(Saved entries)
-------------------------
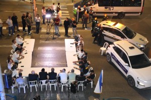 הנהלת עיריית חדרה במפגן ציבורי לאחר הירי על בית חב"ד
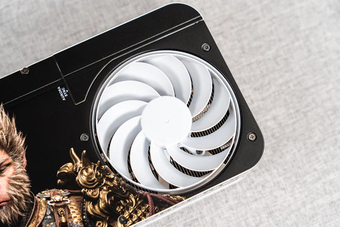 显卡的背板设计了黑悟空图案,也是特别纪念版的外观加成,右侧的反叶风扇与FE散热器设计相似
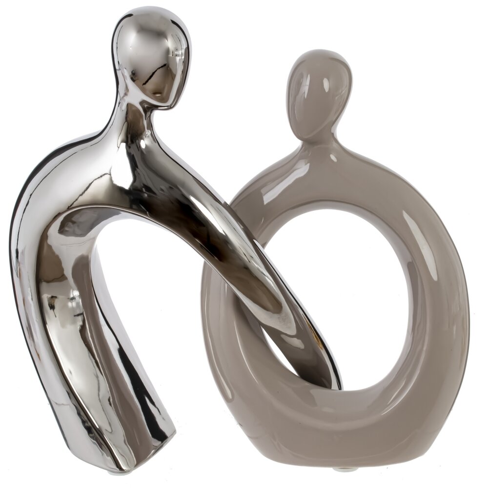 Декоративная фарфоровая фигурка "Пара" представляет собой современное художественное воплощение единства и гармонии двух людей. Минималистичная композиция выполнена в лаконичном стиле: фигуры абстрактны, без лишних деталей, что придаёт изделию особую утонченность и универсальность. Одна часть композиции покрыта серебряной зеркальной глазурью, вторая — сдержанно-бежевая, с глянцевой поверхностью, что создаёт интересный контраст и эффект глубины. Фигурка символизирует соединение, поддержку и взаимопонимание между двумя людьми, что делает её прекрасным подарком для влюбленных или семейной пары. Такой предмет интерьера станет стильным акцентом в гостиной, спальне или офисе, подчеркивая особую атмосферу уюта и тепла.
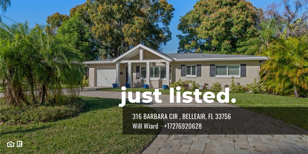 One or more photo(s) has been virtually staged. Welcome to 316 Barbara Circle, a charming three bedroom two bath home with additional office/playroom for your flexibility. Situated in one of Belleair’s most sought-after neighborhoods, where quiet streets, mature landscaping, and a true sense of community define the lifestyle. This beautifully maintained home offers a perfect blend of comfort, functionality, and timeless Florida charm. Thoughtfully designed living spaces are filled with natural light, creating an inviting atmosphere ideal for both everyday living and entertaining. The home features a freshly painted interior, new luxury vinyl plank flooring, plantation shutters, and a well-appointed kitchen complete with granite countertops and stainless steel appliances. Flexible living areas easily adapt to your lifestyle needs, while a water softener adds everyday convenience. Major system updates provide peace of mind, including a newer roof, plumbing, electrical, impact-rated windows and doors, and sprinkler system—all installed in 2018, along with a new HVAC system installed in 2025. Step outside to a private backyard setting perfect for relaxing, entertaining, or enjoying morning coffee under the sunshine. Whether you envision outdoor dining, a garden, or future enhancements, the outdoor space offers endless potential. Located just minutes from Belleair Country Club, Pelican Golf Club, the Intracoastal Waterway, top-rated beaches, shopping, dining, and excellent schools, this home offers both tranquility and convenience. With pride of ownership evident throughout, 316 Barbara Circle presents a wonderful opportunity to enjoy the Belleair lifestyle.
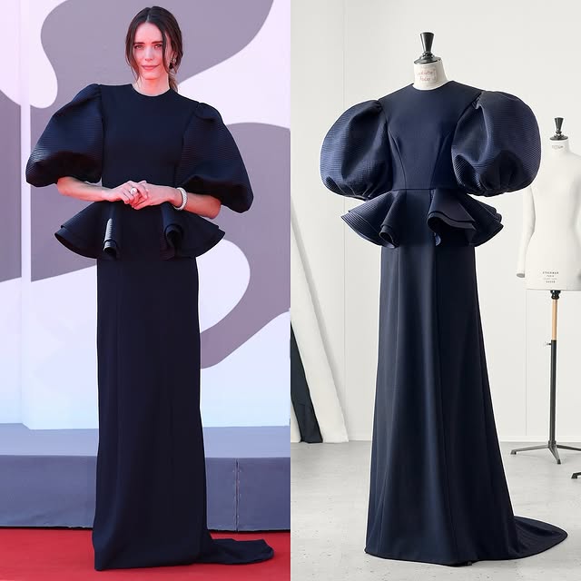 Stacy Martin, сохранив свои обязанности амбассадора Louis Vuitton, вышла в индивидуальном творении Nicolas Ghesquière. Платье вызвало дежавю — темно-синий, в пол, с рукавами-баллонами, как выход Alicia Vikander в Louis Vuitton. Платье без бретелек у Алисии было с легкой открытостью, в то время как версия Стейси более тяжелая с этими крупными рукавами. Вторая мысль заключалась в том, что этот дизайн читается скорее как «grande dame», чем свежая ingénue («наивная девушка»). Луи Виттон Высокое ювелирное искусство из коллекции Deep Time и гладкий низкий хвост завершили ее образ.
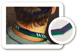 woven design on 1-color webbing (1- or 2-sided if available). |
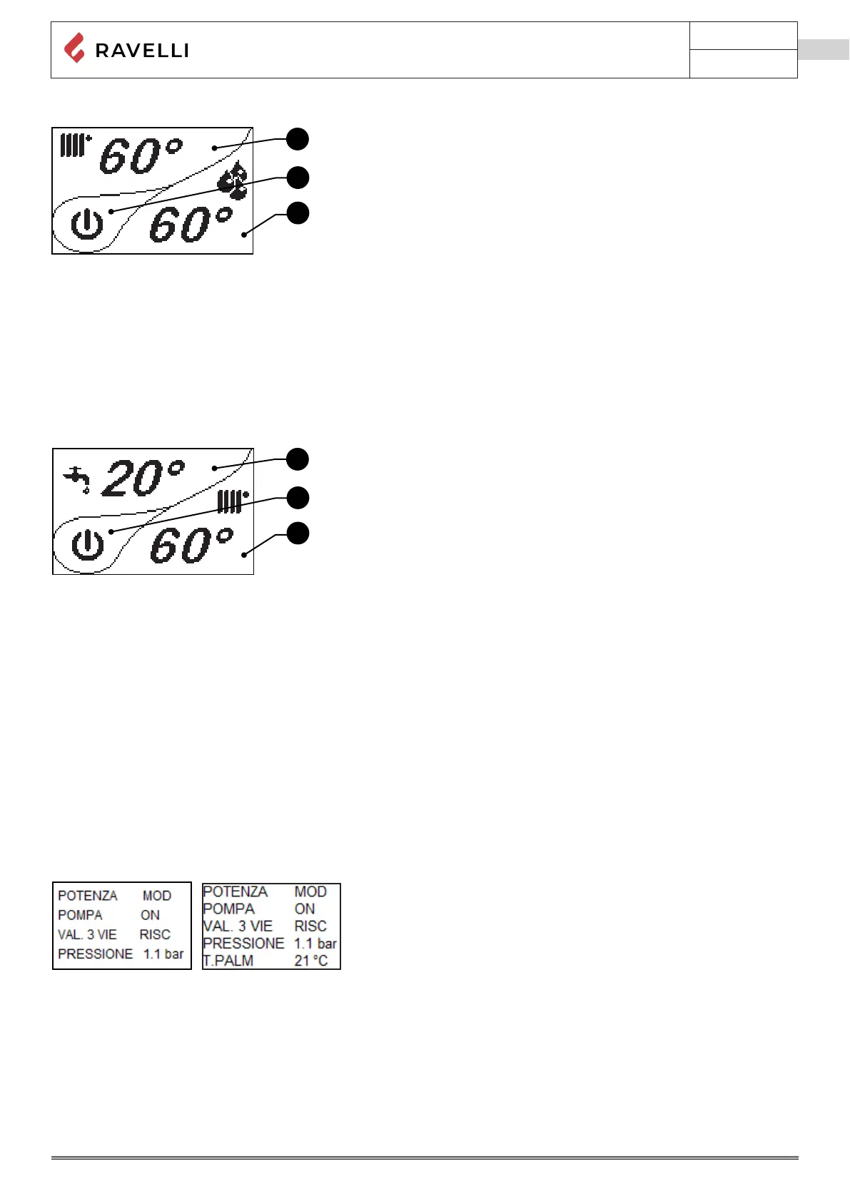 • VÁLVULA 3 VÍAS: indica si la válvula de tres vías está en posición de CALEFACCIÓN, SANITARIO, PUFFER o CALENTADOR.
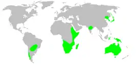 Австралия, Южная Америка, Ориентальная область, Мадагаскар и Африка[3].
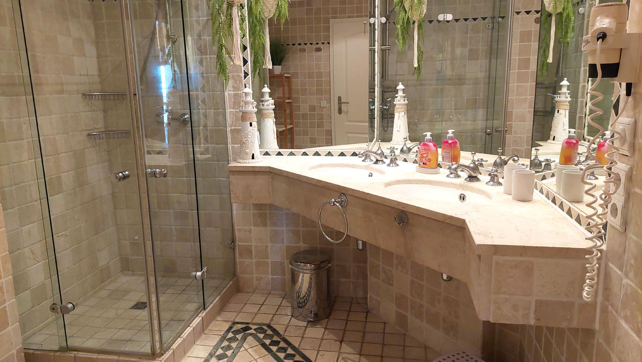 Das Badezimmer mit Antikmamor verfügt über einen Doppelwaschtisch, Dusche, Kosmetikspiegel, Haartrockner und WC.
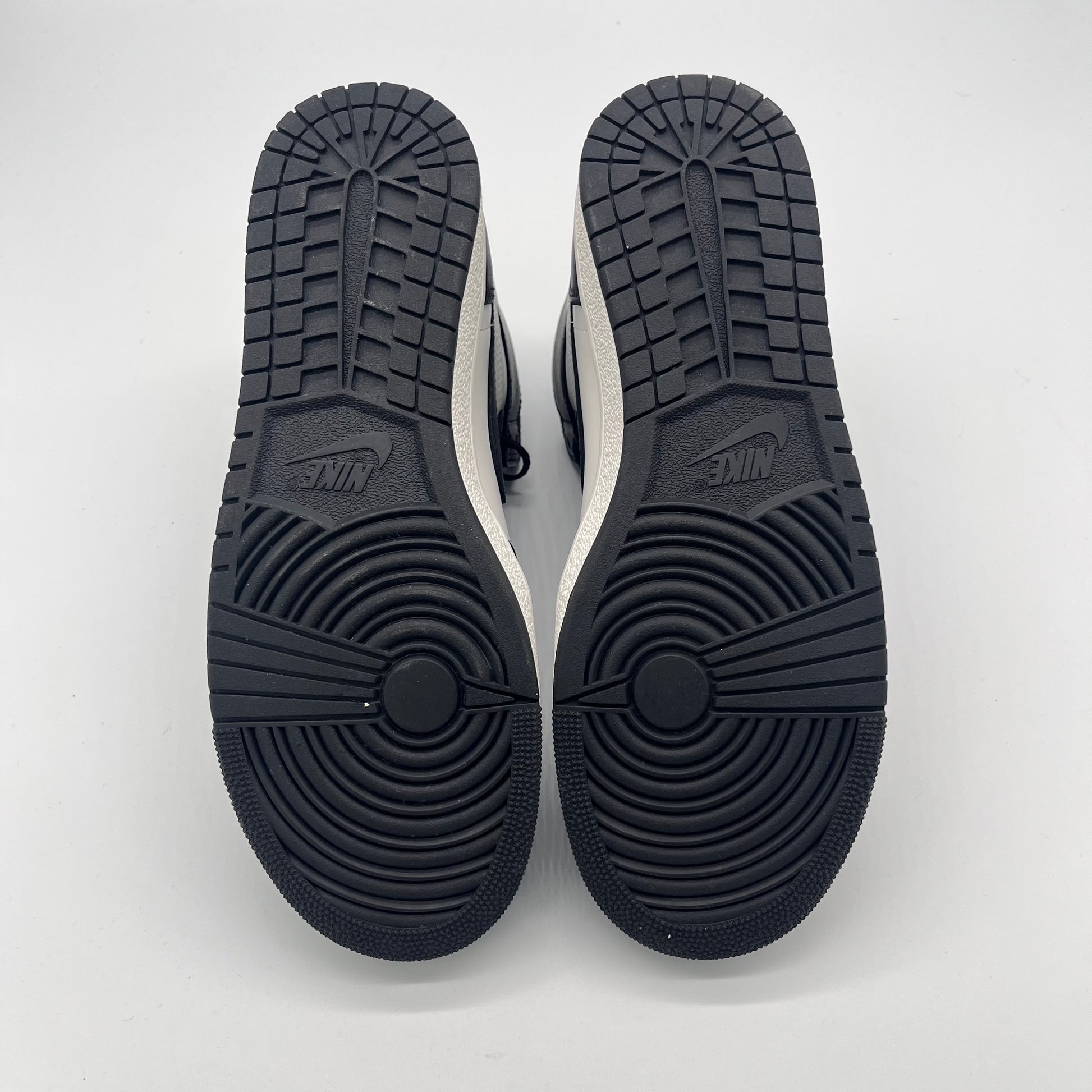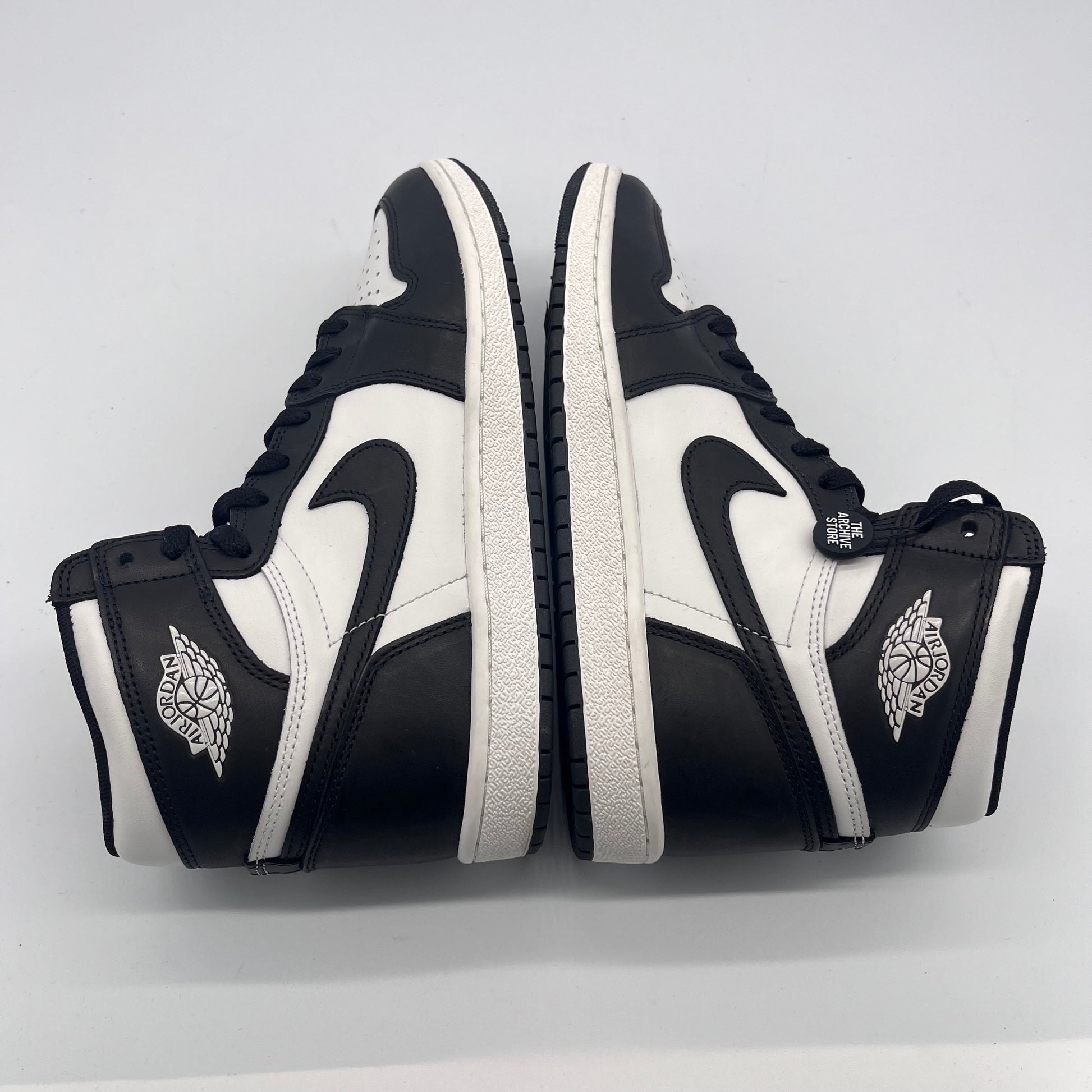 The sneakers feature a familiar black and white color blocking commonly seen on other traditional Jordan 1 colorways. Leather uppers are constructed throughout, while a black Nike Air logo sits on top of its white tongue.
-------------------------
Restate all of the data word for word and include no pictures.

 הנהלת עיריית חדרה במפגן ציבורי לאחר הירי על בית חב"ד
 显卡的背板设计了黑悟空图案,也是特别纪念版的外观加成,右侧的反叶风扇与FE散热器设计相似
 Декоративная фарфоровая фигурка "Пара" представляет собой современное художественное воплощение единства и гармонии двух людей. Минималистичная композиция выполнена в лаконичном стиле: фигуры абстрактны, без лишних деталей, что придаёт изделию особую утонченность и универсальность. Одна часть композиции покрыта серебряной зеркальной глазурью, вторая — сдержанно-бежевая, с глянцевой поверхностью, что создаёт интересный контраст и эффект глубины. Фигурка символизирует соединение, поддержку и взаимопонимание между двумя людьми, что делает её прекрасным подарком для влюбленных или семейной пары. Такой предмет интерьера станет стильным акцентом в гостиной, спальне или офисе, подчеркивая особую атмосферу уюта и тепла.
 One or more photo(s) has been virtually staged. Welcome to 316 Barbara Circle, a charming three bedroom two bath home with additional office/playroom for your flexibility. Situated in one of Belleair’s most sought-after neighborhoods, where quiet streets, mature landscaping, and a true sense of community define the lifestyle. This beautifully maintained home offers a perfect blend of comfort, functionality, and timeless Florida charm. Thoughtfully designed living spaces are filled with natural light, creating an inviting atmosphere ideal for both everyday living and entertaining. The home features a freshly painted interior, new luxury vinyl plank flooring, plantation shutters, and a well-appointed kitchen complete with granite countertops and stainless steel appliances. Flexible living areas easily adapt to your lifestyle needs, while a water softener adds everyday convenience. Major system updates provide peace of mind, including a newer roof, plumbing, electrical, impact-rated windows and doors, and sprinkler system—all installed in 2018, along with a new HVAC system installed in 2025. Step outside to a private backyard setting perfect for relaxing, entertaining, or enjoying morning coffee under the sunshine. Whether you envision outdoor dining, a garden, or future enhancements, the outdoor space offers endless potential. Located just minutes from Belleair Country Club, Pelican Golf Club, the Intracoastal Waterway, top-rated beaches, shopping, dining, and excellent schools, this home offers both tranquility and convenience. With pride of ownership evident throughout, 316 Barbara Circle presents a wonderful opportunity to enjoy the Belleair lifestyle.
 Stacy Martin, сохранив свои обязанности амбассадора Louis Vuitton, вышла в индивидуальном творении Nicolas Ghesquière. Платье вызвало дежавю — темно-синий, в пол, с рукавами-баллонами, как выход Alicia Vikander в Louis Vuitton. Платье без бретелек у Алисии было с легкой открытостью, в то время как версия Стейси более тяжелая с этими крупными рукавами. Вторая мысль заключалась в том, что этот дизайн читается скорее как «grande dame», чем свежая ingénue («наивная девушка»). Луи Виттон Высокое ювелирное искусство из коллекции Deep Time и гладкий низкий хвост завершили ее образ.
 woven design on 1-color webbing (1- or 2-sided if available). |
 • VÁLVULA 3 VÍAS: indica si la válvula de tres vías está en posición de CALEFACCIÓN, SANITARIO, PUFFER o CALENTADOR.
 Австралия, Южная Америка, Ориентальная область, Мадагаскар и Африка[3].
 Das Badezimmer mit Antikmamor verfügt über einen Doppelwaschtisch, Dusche, Kosmetikspiegel, Haartrockner und WC.
 The sneakers feature a familiar black and white color blocking commonly seen on other traditional Jordan 1 colorways. Leather uppers are constructed throughout, while a black Nike Air logo sits on top of its white tongue.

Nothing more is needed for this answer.